Hi!
I perform in vitro simulation of colonic fermentation. In a recent study, we have a very specific cohort that are in two conditions: treated with a probiotic, or non-treated. After shotgun sequencing, that cohort have zero count across donors of the probiotic strain, and, obviously, count > 0 in all the treated conditions.
After performing Maaslin3 with normalization = TSS, and transformation = LOG, that specific strain gives: Fitting error (NA p-value returned from fitting procedure), in the abundance model; which I assume is because there is a perfect separation of the two conditions and thus it cannot compute p_values. I imagine that such case are very rare in clinical settings, but using in vitro simulation with fewer donors, this may be more frequent than not.
When using normalization = TSS, transformation = PLOG, zero_threshold = -1, it does give a p_value + coefficient and no more error for that strain. Now, the manual specify that PLOG is better used for metabolomics, and I wonder what are the implications for metagenomics analysis for all the other taxa that were non-zero in all conditions, when evaluating in abundance models (not prevalence). Is there any risks associated?
At first thoughts, I assume that rare taxa will be the most impacted as samples that initially had true zeros now have a pseudocount instead. I would have fewer rare taxa detected? I now do not filter on beforehand based on prevalence/abundance.
Thanks a lot!
Hi,
When you say you’re getting a NA p-value, is that in the abundance or the prevalence results? The prevalence modeling has a system built in to avoid linear separability specifically for cases like this, so linear separability shouldn’t be generating NA p-values with the logistic regression models. The abundance models might give an NA p-value since the abundance model only applies on the portion of the data with non-zero abundance, which in this case would all have the same group (treated) and therefore have no variation in the independent variable.
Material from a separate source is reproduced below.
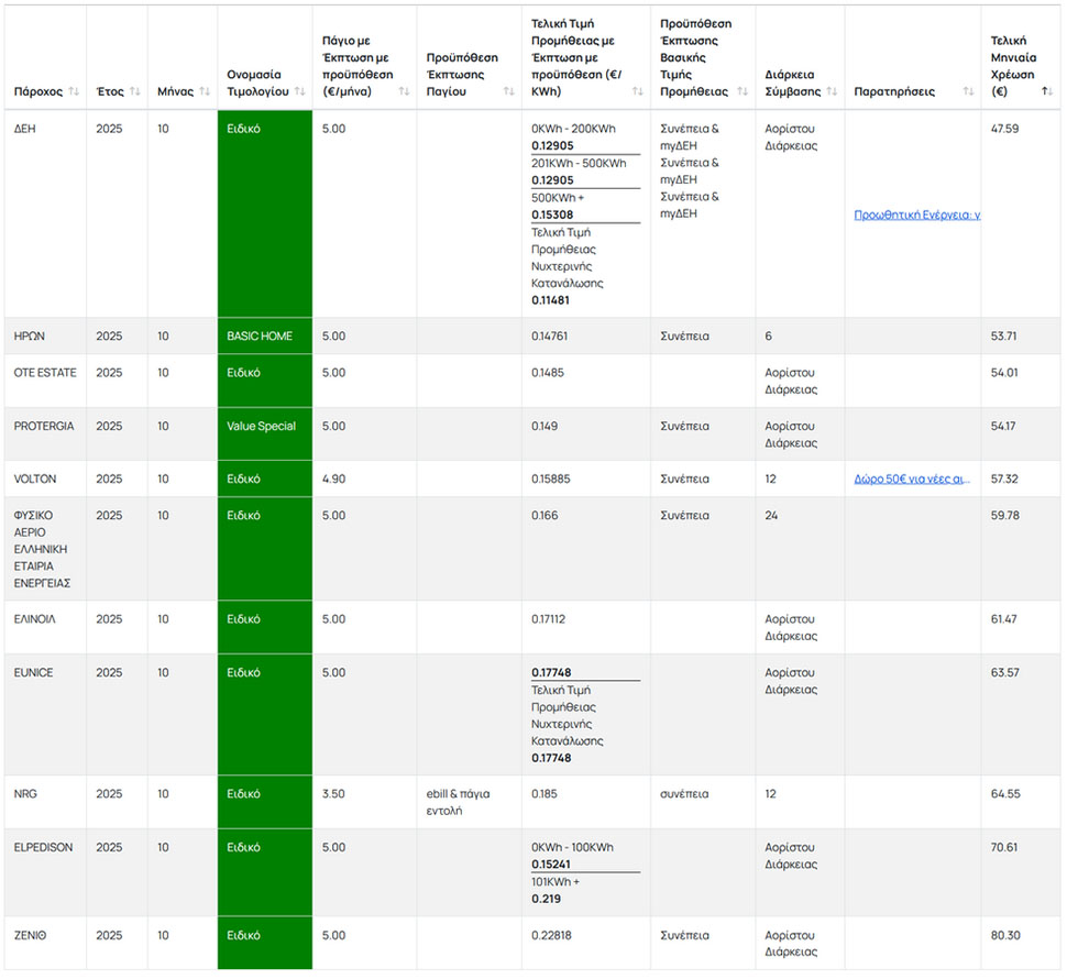 Σε όλες τις περιπτώσεις πάντως, σύμφωνα με τα στοιχεία της Ρυθμιστικής Αρχής, τα τιμολόγια του Οκτωβρίου είναι χαμηλότερα από εκείνα του Αυγούστου σε ποσοστό από 2 έως 17%.

If you’re seeing a NA p-value in the logistic regression results, would you mind sending me the MaAsLin 3 run log and/or a chunk of the data that reproduces the issue since that shouldn’t be happening? Either here or willnickols@g.harvard.edu would work.
Will
This is indeed in the abundance model, I was not interested in the prevalence one for this analysis. I can imagine that statistical testing of 1 group with only zeros and the 2nd group with non-zero values is not very logic, so I assume there is no magic solution beside focusing on a prevalence model? The pseudocount (PLOG) would impact the rarer taxa, right?
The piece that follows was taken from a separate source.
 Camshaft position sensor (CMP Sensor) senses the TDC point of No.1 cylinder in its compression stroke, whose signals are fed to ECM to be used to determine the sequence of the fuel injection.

Hmm… at least for the probiotic taxon, I would think prevalence is the relevant metric since it addresses the probability the taxon is present in the treatment group relative to the control group. (And if things worked perfectly, it would presumably always be there in the treatment group and never in the control group.) I’m not sure an abundance association would be helpful here since if the taxon is absent in the control group, you’d find that the average log2 relative abundance in the control group is negative infinity, so your log fold change between the two group is infinity. The PLOG gets around this by putting a minimum count rather than a 0, but this effectively implies you think the taxon was present in all the control samples but was half the abundance you could’ve detected.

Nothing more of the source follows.